Gah, sorry for omitting the version details earlier. Anyway, this is on Ubuntu Trusty and the rosmaster package is "1.11.10-0trusty-20141229-2145-+0000". As far as I can tell, that's the latest. If not, I'll have a chat with our IT...

My exact change was this oneliner:

--- util.py.orig    2015-05-08 11:12:22.926255672 +0300
+++ util.py 2015-05-08 14:50:23.494047619 +0300
@@ -58,6 +58,7 @@
         return None
     if not uri in _proxies:
         _proxies[uri] = ServerProxy(uri)
+    print "proxies", len(_proxies), "uri", uri
     return _proxies[uri]

(Also at https://github.com/lrasinen/ros_comm/tree/proxy-debug for merging convenience; but that code just has the patch applied to it and not tested as such)

You're right, the shell examples don't have the CLOSE_WAIT problem, but with the above change you can see the slow growth in the amount of proxies. That's what led me to reconsider the difference between roscpp and rospy.

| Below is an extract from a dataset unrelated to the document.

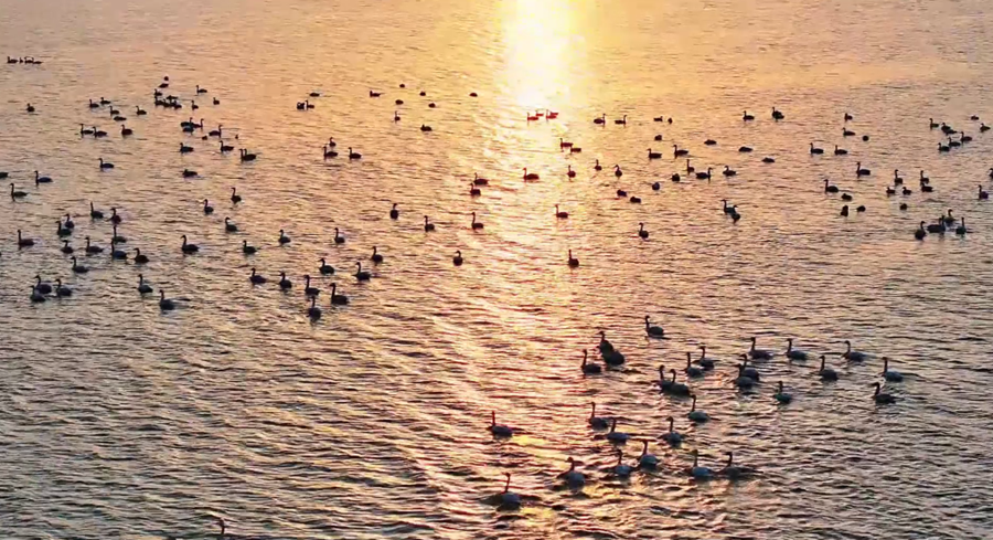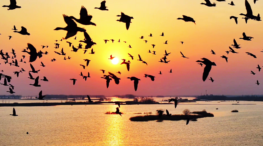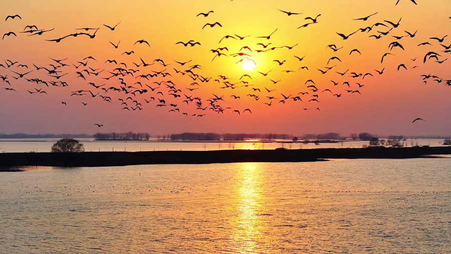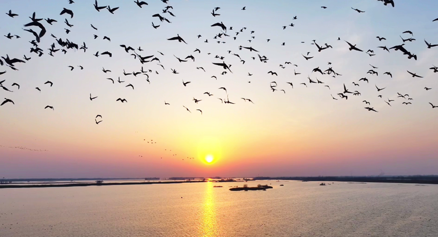 ?初春時分,在夕陽余暉映照下,安徽省潁上縣秋家湖濕地被染上一層夢幻般的色彩。放眼望去,成群飛鳥與漫天霞光融為一體,繪就出一幅壯美而靈動的生態畫卷。(徐紅梅)

I had a look at the talker / listener launch and that looks very similar to the conditions we're experiencing (where the role of the Ctrl-C is taken by a camera node crashing). I'm willing to say it's a good reproduction of the problem.

@dirk-thomas
Copy link
Member

I don't think that the increasing number of cached proxies is the primary problem. The number also increases when running the rospy_tutorials talker_listener launch file but that does not leave any sockets in CLOSE_WAIT state.

@dirk-thomas
Copy link
Member

While looking into the problem a bit more I found the following weird behavior:

  • when running the C++ talker_listener repeatedly against a roscore from Debian packages it shows the increasing number of sockets in CLOSE_WAIT as mentioned before
  • when running it against a roscore from a devel space (where all ROS core packages are in the workspace) the socket count stays at zero
  • when running it against a roscore from an install space it behaves the same as from Debian packages

In all cases the launch file was started from the same environment (devel space) and the sources in the workspace had the same version as the Debian packages.

@lrasinen
Copy link
Contributor Author

My theory about the role of server proxies goes like this.

  1. client uses rospy
    The client responds to the HTTP request with HTTP/1.0, causing httplib to close the connection immediately. The socket is closed and the leaking proxies only leak their miniscule bit of memory (but since the connection is closed, there's not much benefit from caching either)

  2. client uses roscpp
    The client responds with HTTP/1.1, causing httplib to leave the connection open in case it's used again. When the client goes away, socket stays behind.

Anyway, to test this I wrote even more debugging at https://github.com/lrasinen/ros_comm/tree/moalv (Mother of all layering violations)

My afternoon schedule looks busy so I can't test the roscpp part of the above theory today, I'll try to get back to this later this week though.

@lrasinen
Copy link
Contributor Author

I was able to get a few CLOSE_WAIT sockets by running 100 copies of rosrun roscpp_tutorials anonymous_listener in one shell, and rostopic pub -1 chatter std_msgs/String "hi there" in another.

In the ServerProxy debug output we can see file descriptor 7:
uri http://tardis:49228/, fd 7

and its counterpart in lsof -ni listing:
rosmaster 15908 lrasinen 7u IPv4 35406754 0t0 TCP 127.0.0.1:56972->127.0.1.1:49228 (CLOSE_WAIT)

But most of the proxies (currently about 400) don't have any attached sockets so there might be some other factor still at play. Writing to a closed socket will eventually fail and close the connection, so perhaps there's some list that gets pruned before that occurs.

@dirk-thomas
Copy link
Member

I disabled the keep-alive functionality for the xml rpcs (

) but the problem is still the same.

@mgrrx
Copy link
Contributor

mgrrx commented May 30, 2016

We observed the same problem on our robots. I finally debugged it down to a single line of code that has to be added in rosgraph (mgrrx@4f06033):

diff --git a/tools/rosgraph/src/rosgraph/xmlrpc.py b/tools/rosgraph/src/rosgraph/xmlrpc.py
index 7d9aad8..a9c3d52 100644
--- a/tools/rosgraph/src/rosgraph/xmlrpc.py
+++ b/tools/rosgraph/src/rosgraph/xmlrpc.py
@@ -76,6 +76,8 @@ def isstring(s):
         return isinstance(s, str)

 class SilenceableXMLRPCRequestHandler(SimpleXMLRPCRequestHandler):
+    protocol_version = 'HTTP/1.1'
+
     def log_message(self, format, *args):
         if 0:
             SimpleXMLRPCRequestHandler.log_message(self, format, *args)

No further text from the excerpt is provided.